In his red cap and gown, Mielnicki briefly took off his mask and walked across the stage, pointing both of his index fingers to the sky before picking up his diploma from an unattended table.

The rest of West Essex’s seniors applauded from their socially distanced chairs, separated safely on the field. Family and friends were not allowed to attend for safety purposes, a sign of the new times.

“You couldn’t hug anyone,” Mielnicki said. “You couldn’t really take that many pictures with your friends because they wanted everyone [to] be separated six feet apart.”

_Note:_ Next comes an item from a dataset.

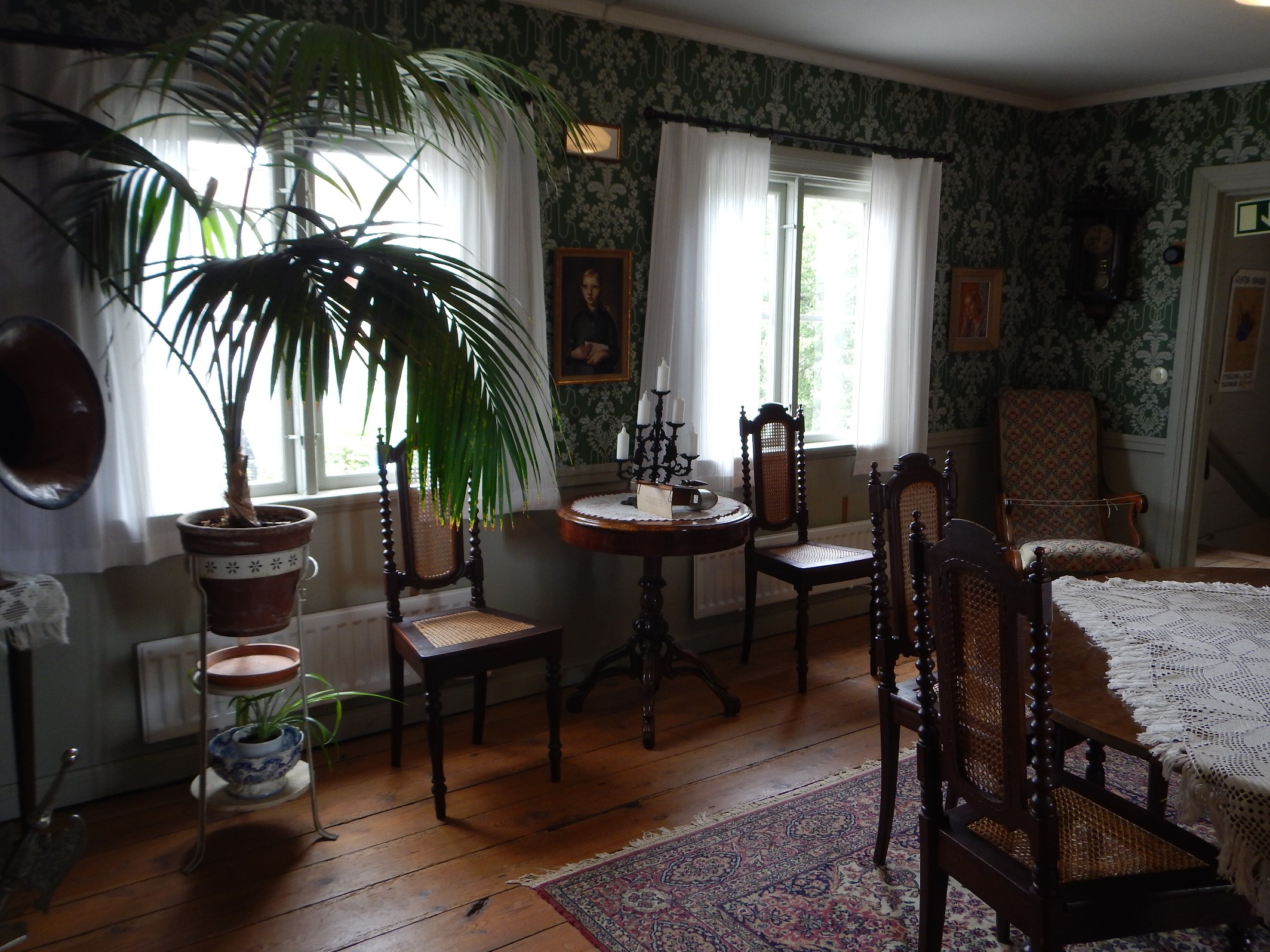 Matsalen från ett typiskt överklasshem såg väldigt inbjudande ut. Jag gillade det skarpt. Väggarna är klädda med en tapet i gråvitt mönster mot grön botten. Det är ett nytryck från AB Doro Hagaström, efter den ursprungliga tapeten från 1810 signerad CA Werner i Karlskrona.

His 30-second walk across the stage was still satisfying after these past five frustrating months. Like many high school seniors across the country, Mielnicki didn’t know if this day was going to come.

The Class of 2020 has seen the best parts of its senior year KO’d by the coronavirus pandemic. Mielnicki was slated to strut down a runway in a tuxedo or suit in the West Essex High School fashion show. He was going to take part in the traditions of the North Caldwell, New Jersey, school, including the Senior Ball. And Memorial Day weekend was going to be unforgettable — a senior getaway to the Jersey Shore where he and 60 of his friends had an enormous house waiting for them.

All the spoils of senior year were wiped out by COVID-19, which spread through the New Jersey-New York area, turning it into the early epicenter of the pandemic in the United States and infecting more than 600,000 people between the two states as of Aug. 6, according to Johns Hopkins University.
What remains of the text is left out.